Dampak yang terjadi dalam kehidupan masyarakat Donggo terhadap kehidupan social masyarakat Donggo dan Kabupaten Bima adalah sebagai berikut :
1.      Kehidupan masyarakat donggo dalam social kemasyarakat cukup baik, dimana dalam hubungan dengan antar sesama warga masyarakat Kecamatan dengan warga masyarakat pendatang luar Kecamatan cukup harmonis.
2.      Masyarakat Donggo masih memegang aturan dan adat istiadat lama, dimana setiap persoalan dan permasalahan yang timbul baik dari luar masyarakat maupun di dalam kehidupsn masyarakat tersebut akan di selesaikan sesuai dengan aturan yang berlaku dan sesuai dengan hukum adat yang berlaku bagi warga masyarakat Donggo.
3.      Warga masyarakat menjunjung tinggi nilai kebersamaan, persahabatan, dan kekeluargaan dalam pergaulan sehari-hari, disamping itu juga masyarakat di bimbing untuk menghargai dan menghormati orang tua dan orang lain.
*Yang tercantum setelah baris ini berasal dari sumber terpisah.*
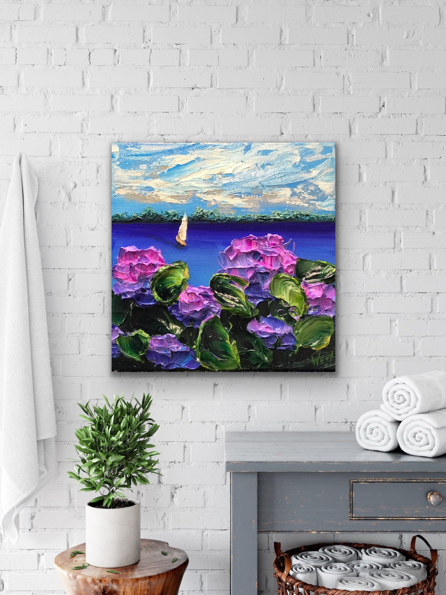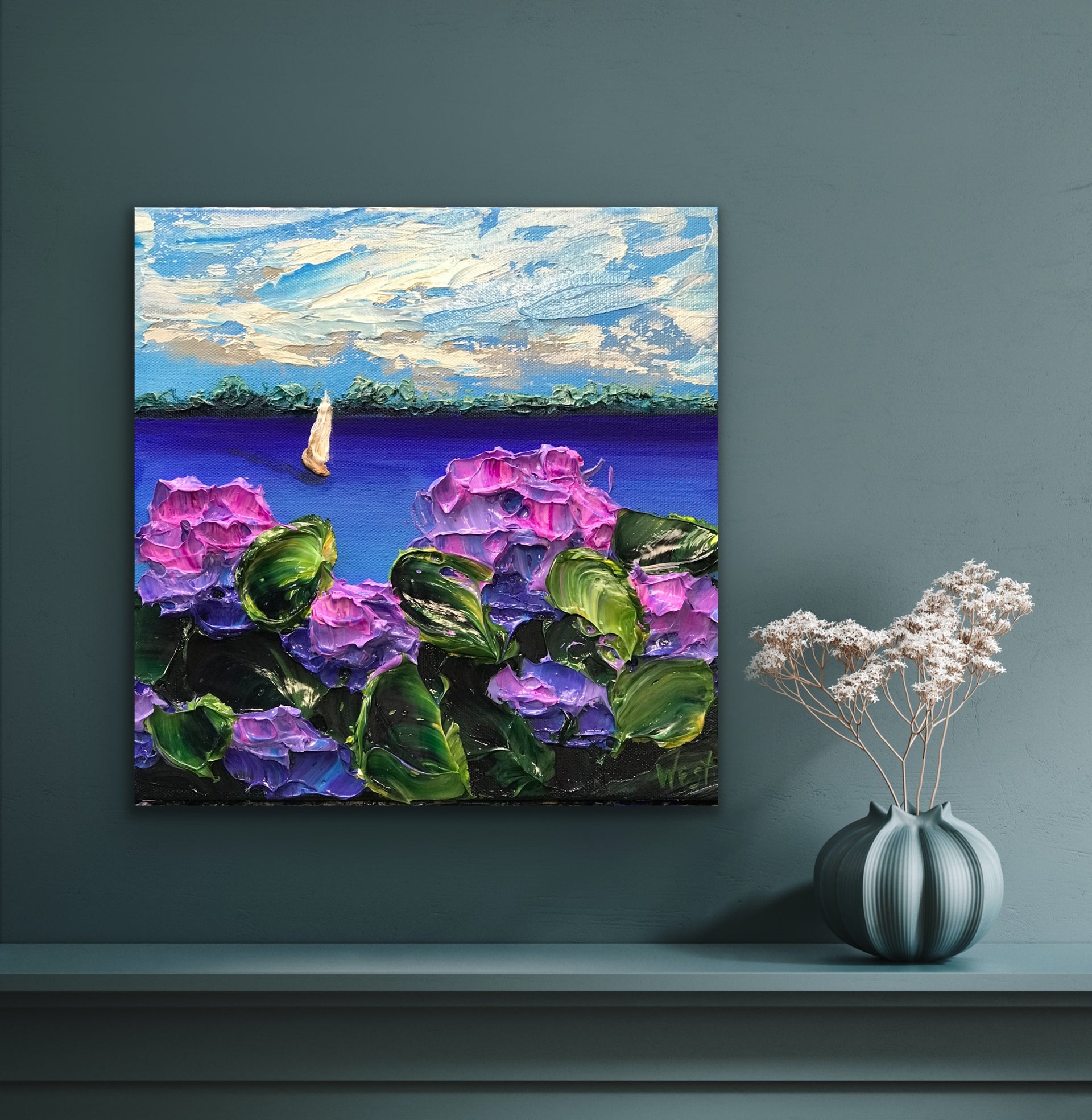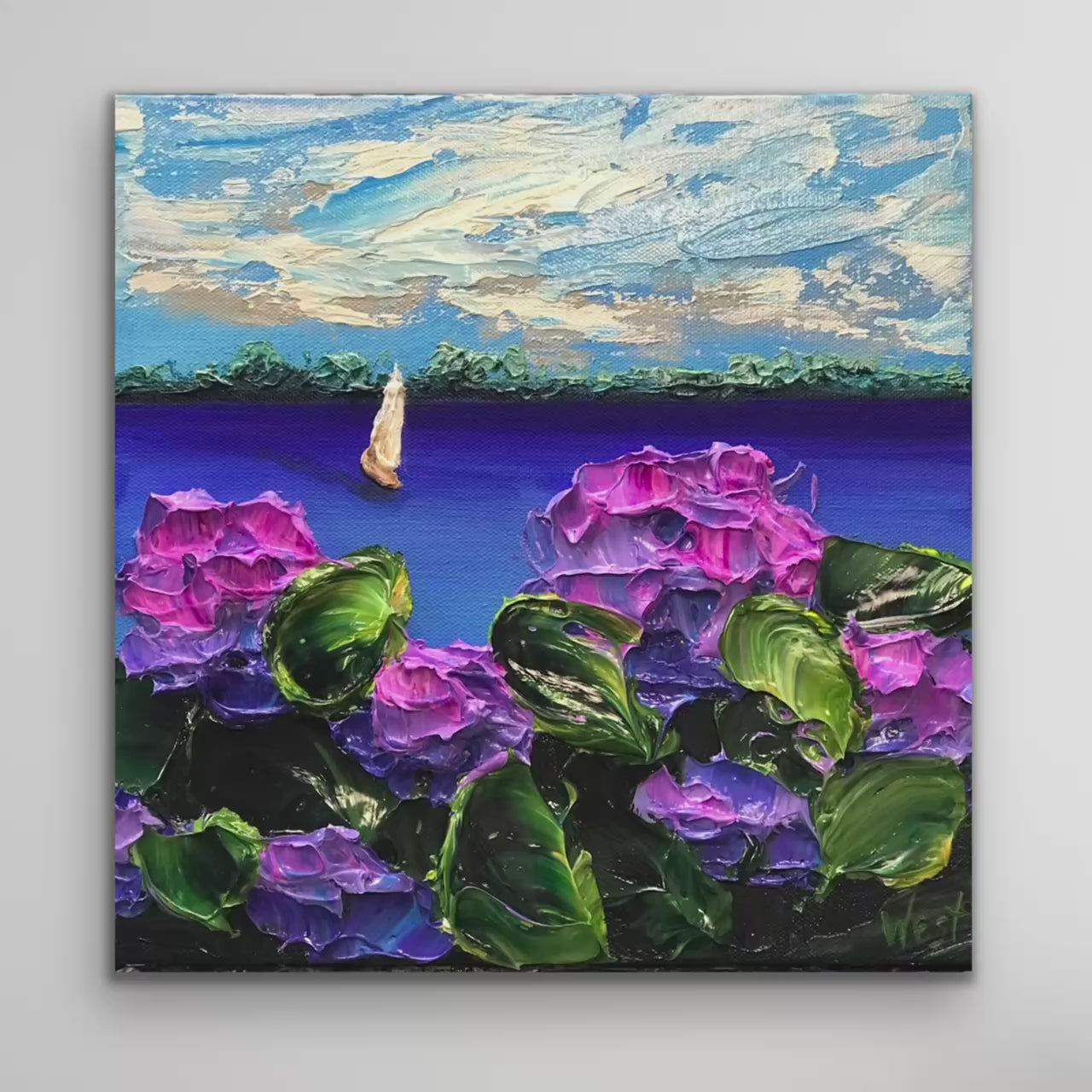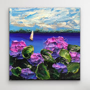 In this impasto painting, delicate blooms frame a serene sailboat meandering across open water. Layers of violet and magenta hydrangeas rise in thick, textured petals, their vibrant greens curling forward as if brushed by a gentle breeze. Each stroke of the palette knife creates movement and depth, making the flowers feel lush and alive.
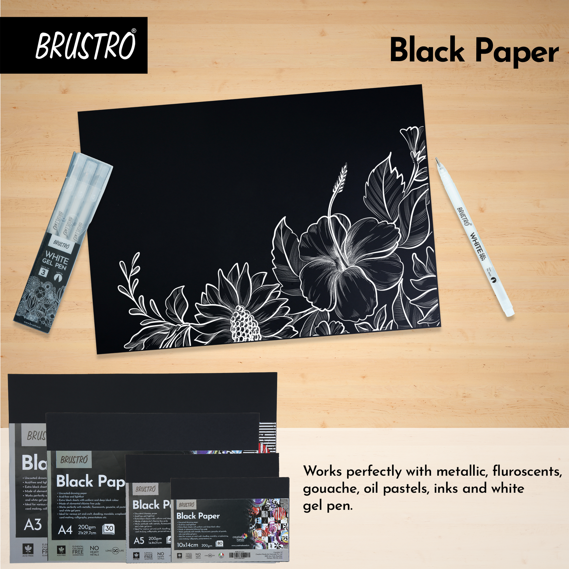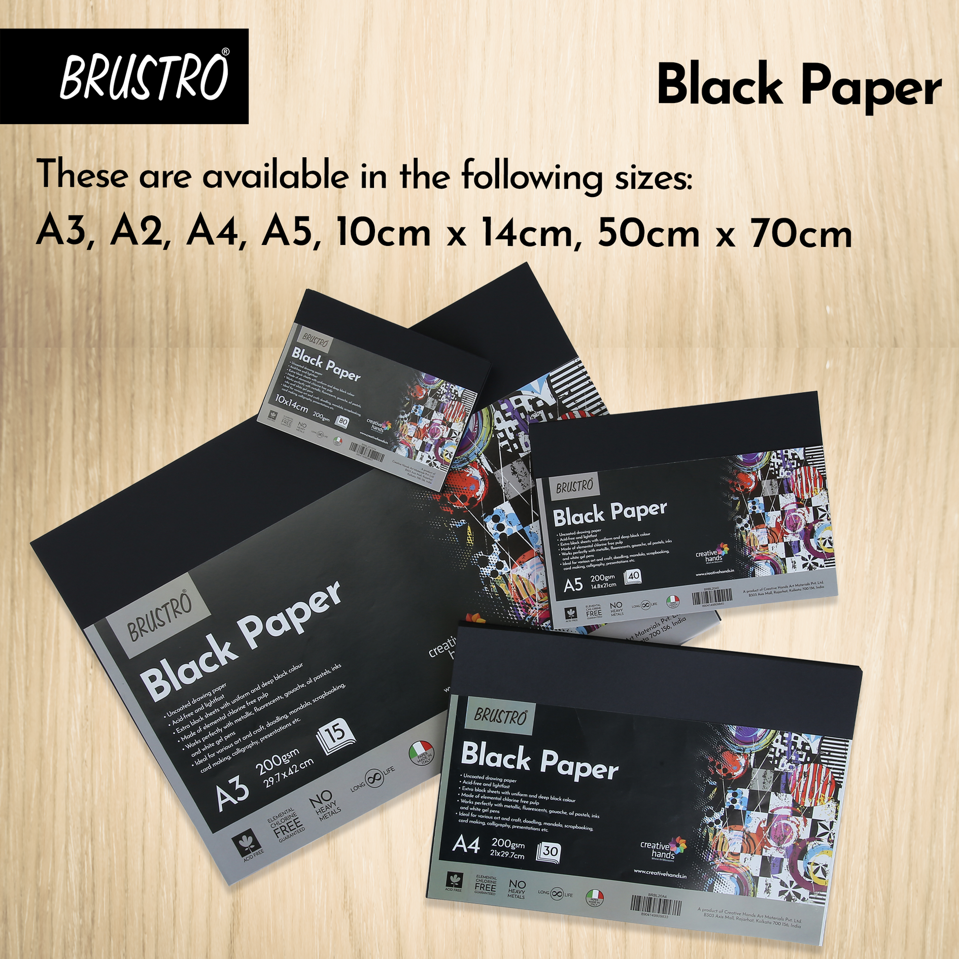 These Brustro Black Paper are Uncoated drawing paper. are Acid-free and lightfast black papers, Extra black sheets with uniform and deep black colour. Made of elemental chlorine free pulp. Works perfectly with metallic, fluorescents, gouache, oil pastels, inks and white gel pens. Ideal for various art and craft, doodling, mandala, scrapbooking, card making, calligraphy, presentations etc. Made in Italy,

4.      Sistim kekeluargaan masih di pegang teguh oleh masyarakat donggo, karena setiap persoalan dan aturan yang dikeluarkan oleh pemerintah Kecamatan dan Kabupaten Bima di selesaikan dengan kekeluargaan, jika hal tersebut masih belum bisa di selesaikan dengan kekeluargaan baru akan dip roses melalui hokum dan aturan yang ada.
B.     Bidang Budaya
Masyarakat Kecamatan Donggo adalah masyarakat yang mau menghargai budayanya, mungkin itu adalah istilah yang tepat untuk menggambarkan begitu beragamnya budaya masyarakat Kabupaten Bima mulai dari Kota Bima sampai ke Kabupaten Bima dan Kabupaten Dompu. Bermacam-macam suku, bahasa, adat, membuat masyarakat Kabupaten Bima menjadi salah satu daya tarik dan merupakan Kabupaten  yang paling kaya dipandang dari budayanya. Secara matematis kita tidak dapat menghitung betapa melimpahnya kekayaan budaya Kabupaten Bima.
Dipandang dari adatnya ke-Timuran-nya maka Kecamatan Donggo sangat berbeda dengan daerah yang ada di Kabupaten Bima lainnya, rata – rata masyarakat Donggo sangat menjunjung tinggi nilai – nilai budayanya sendiri sebagai aset untuk melestarikan daerah dan budayanya secara turun – temurun. Nilai – nilai budaya yang secara turun – temurun yang dimaksud adalah Sopan, Santun, Taat, Menghormati, Menghargai, Menjunjung Tinggi Adat, Tata Krama Pergaulan, dan lainnya yang menjadi ciri khas orang Kecamatan Donggo.
Kebiasaan mengalah, menghargai jasa orang lain, menghormati hak milik orang merupakan gambaran betapa masyarakat Donggo merupakan masyarakat yang sangat menjunjung tinggi budayanya. Bagi masyarakat Donggo budaya adalah jembatan menuju kesuksesan, budaya adalah tempat untuk mencari solusi jika terdapat permasalahan, budaya adalah harta yang tak ternilai harganya.
Pada prinsipnya setiap perkembangan dan kemajuan dalam segi apapun baik adanya, setiap manusia menginginkan perubahan pun demikian dalam konteks kehidupan bermasyarakat. Dari sekian banyak bidang ada dan berpacu untuk kemajuan salah satunya adalah bidang teknologi, yang menghadirkan perubahan dan kemajuan untuk selanjutnya digunakan oleh manusia. Beragam teknologi yang diciptakan memungkinkan manusia untuk bebas memilih apa yang diinginkan.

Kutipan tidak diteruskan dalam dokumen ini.